ACTION ITEM
Leave the pictures out and write out exactly the lines from the top of the entries through the line containing "最近増台をした「スマスロ北斗".

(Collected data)
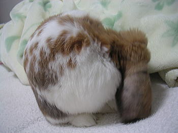 ぶちぶちでっかいロップの白茶くんは推定2003年12月2日生まれ。2014年3月29日永眠10歳3か月17日
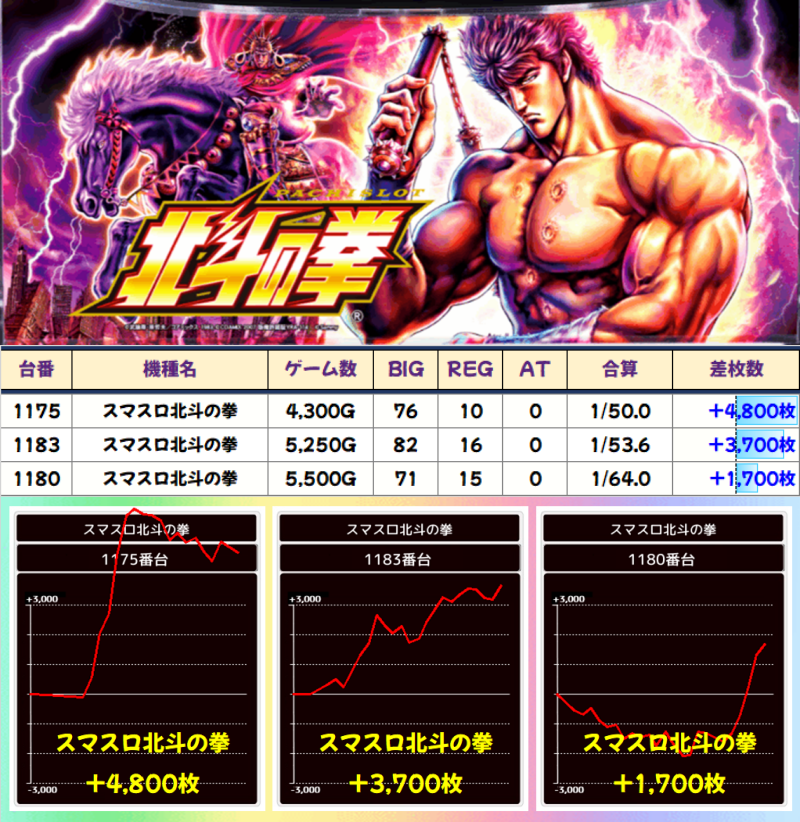 最近増台をした「スマスロ北斗の拳」に注目してみました。+4800枚の1175番台を筆頭に、半数近くがプラス差枚で、総差枚でもプラスという結果でした。毎回特定日には、他の機種に比べ高配分の傾向が強い「スマスロ北斗の拳」。狙う価値はあるのではないでしょうか。
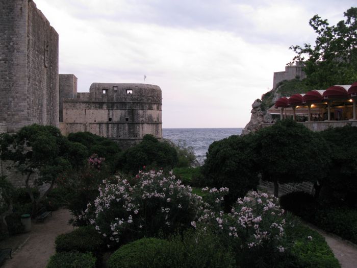 Outside, there are small gardens flanking the walkway through the gate, with views of the Adriatic Sea and Boker Gate on the old City Wall (left). The red umbrellas to the right of the photo are a restaurant, Dubravka, where we ate the next two nights.
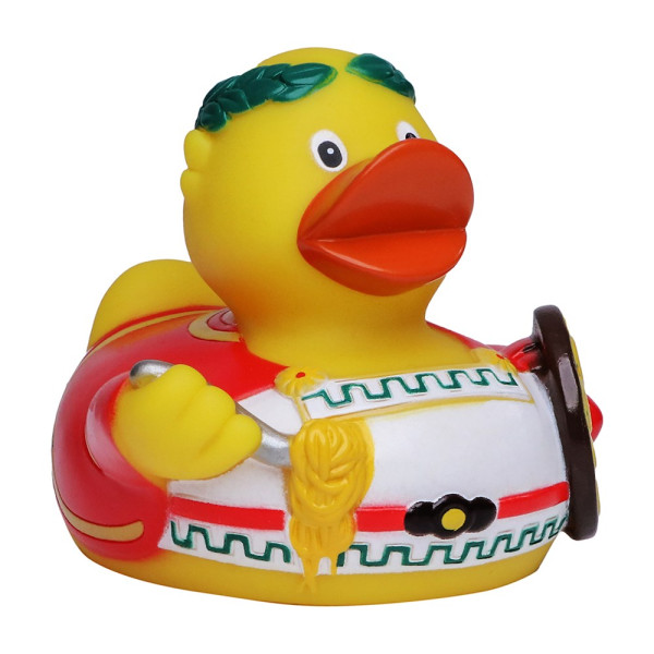 Omdat dwalen menselijk is, voelt onze CityDuck® zich in zijn prachtige gewaad verheven over alle twijfels. In plaats van een scepter draagt ze liever een vork sappige spaghetti bij zich, zodat de Dolce Vita niet wordt verwaarloosd als het om regeren gaat. Het is in ieder geval een decoratieve aanvulling op de feestelijke tuniek, die de ronde vormen van onze fladderende keizer flatteert. De traditionele laurierkrans verbergt het kale hoofd en is geschikt om indien nodig het keizerlijke leven wat pit te geven.
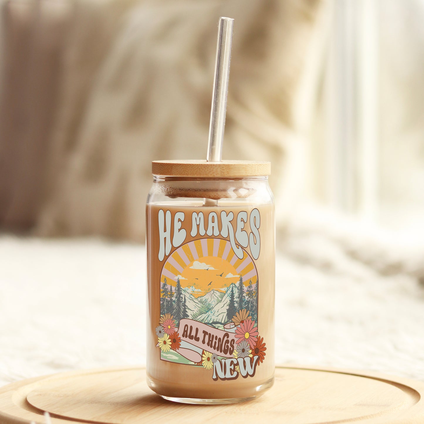 He makes all things new Christian 16oz Libbey Glass Can UV DTF or Sublimation Wrap - Decal Description
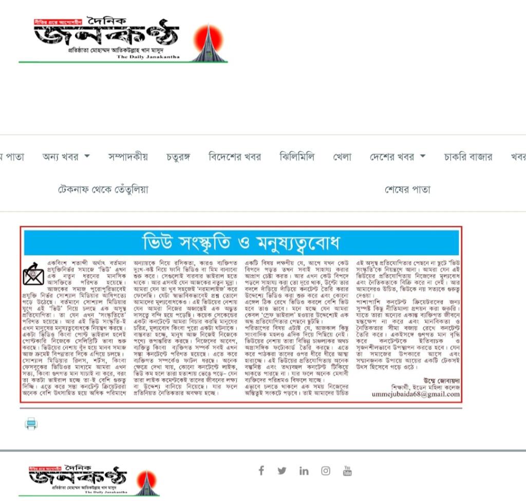 এই লেখাটি ২৮ ফেব্রুয়ারি ২০২৬ তারিখে দৈনিক জনকণ্ঠ পত্রিকায় প্রকাশিত।
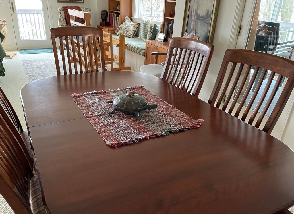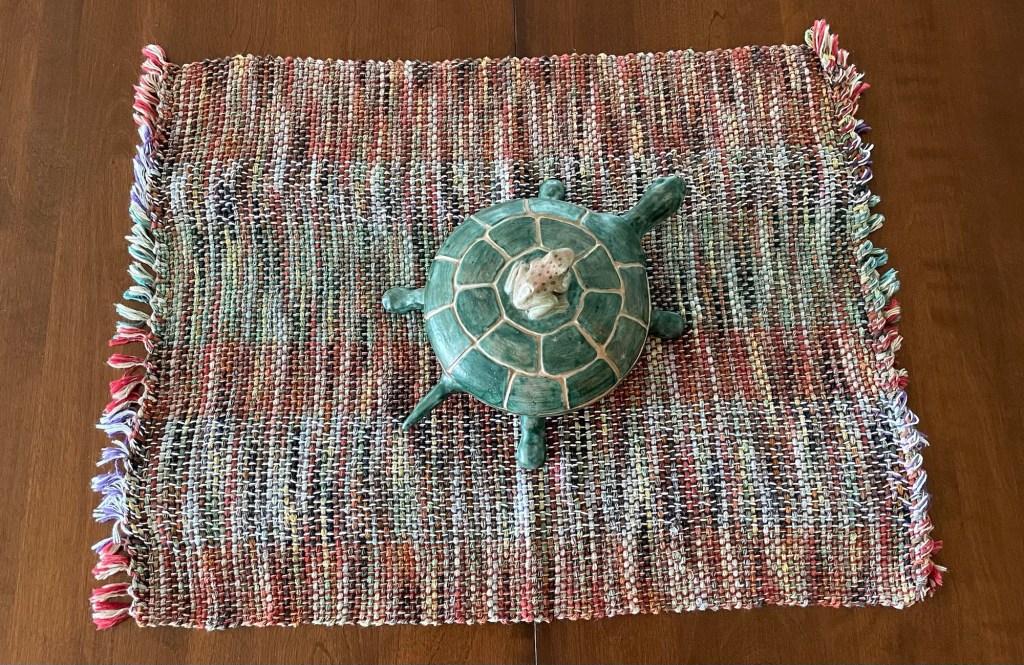 I was not expecting to have any usable final product from weaving off the rest of the warp yarn that came on this vintage loom. However I did end up a table runner of sorts, and a string bag! The section woven with the Berroco weft yarn works as a runner on my dining room table, adorned with the ceramic turtle bowl and lid that my mom made. My four harness floor loom is in the background waiting for another project.
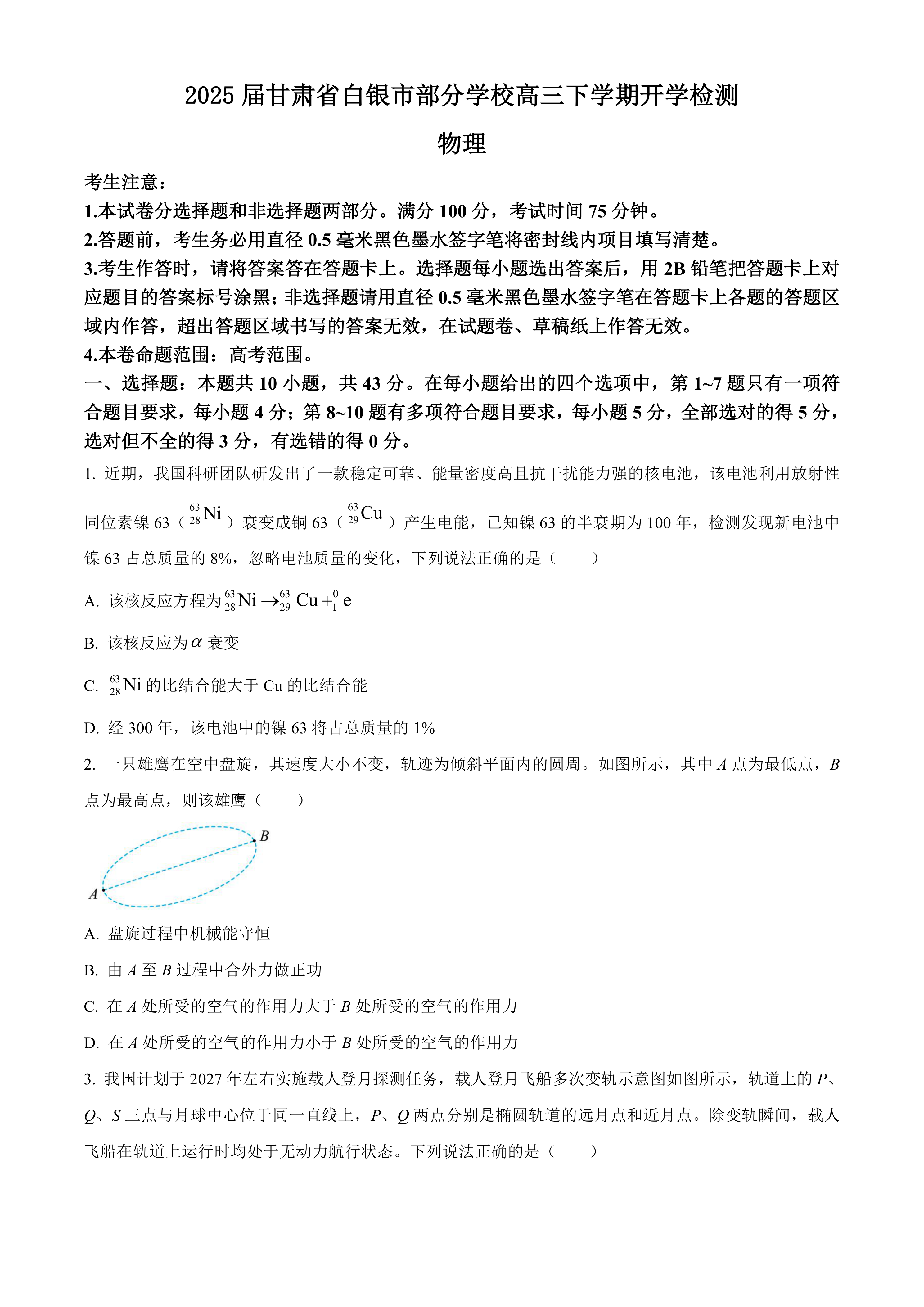 2025届甘肃省白银市部分学校高三下学期开学
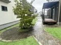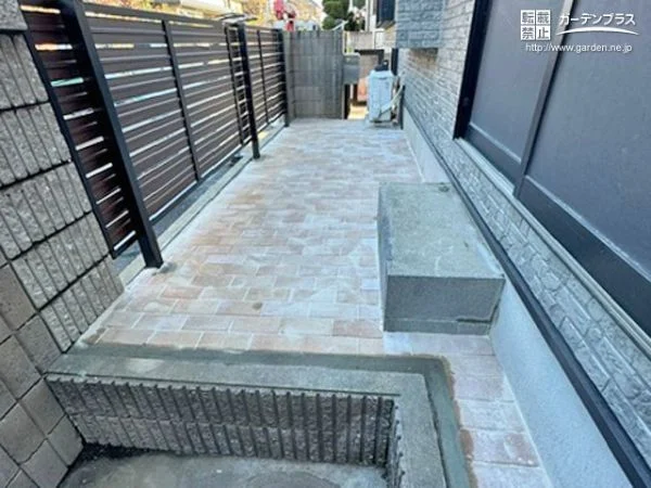建売の戸建住宅を購入されたお客様から、お庭スペースの舗装工事をご依頼いただきました。道路に面したところでしたので、メンテナンスがしやすく清潔に使えるようにインターロッキング舗装をご提案。明るいグレーのブロックを使ってお住まいに合わせたモダンなテラスに仕上げました。また安全対策として、お庭の正面には目隠しフェンス、側面にはメッシュフェンスを設置しています。安心して清潔に利用できるお庭となりました。
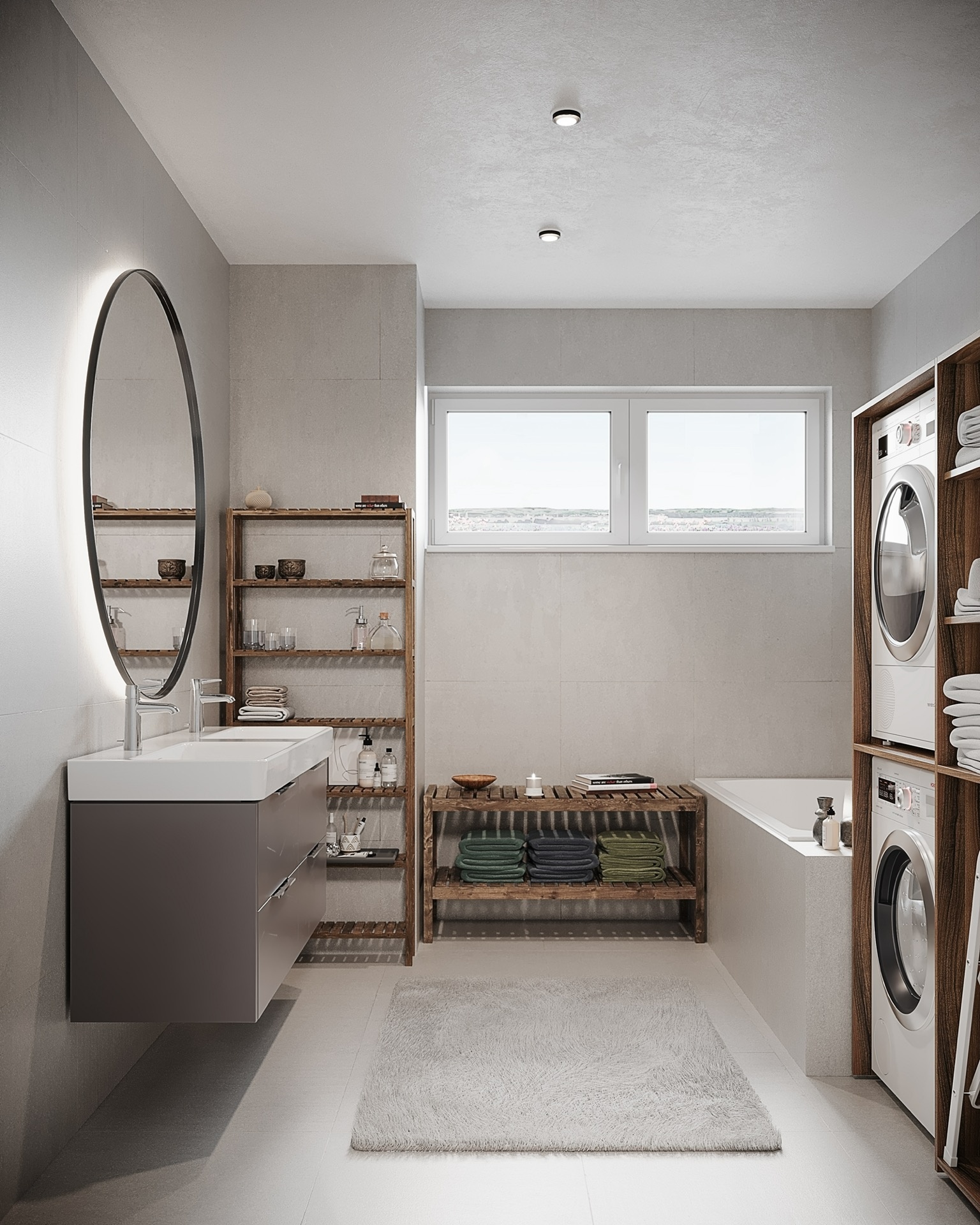 Koupelna je vybavena vanou, toaletou a umyvadlem a nachází se v ní připojení pračky, samostatné wc s umývátkem je umístěno hned vedle. Byt je ideální volbou pro rodiny nebo náročné páry, které potřebují pracovnu pro home office.
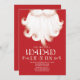 Cute Christmas Ho Ho Ho Santa gift christmas party invitation featuring a santa's beard set on a red background embellished with hand lettered typography. Easy to personalise with your holiday party information.

SOLUTION TO THIS EXERCISE
 ぶちぶちでっかいロップの白茶くんは推定2003年12月2日生まれ。2014年3月29日永眠10歳3か月17日
 最近増台をした「スマスロ北斗の拳」に注目してみました。+4800枚の1175番台を筆頭に、半数近くがプラス差枚で、総差枚でもプラスという結果でした。毎回特定日には、他の機種に比べ高配分の傾向が強い「スマスロ北斗の拳」。狙う価値はあるのではないでしょうか。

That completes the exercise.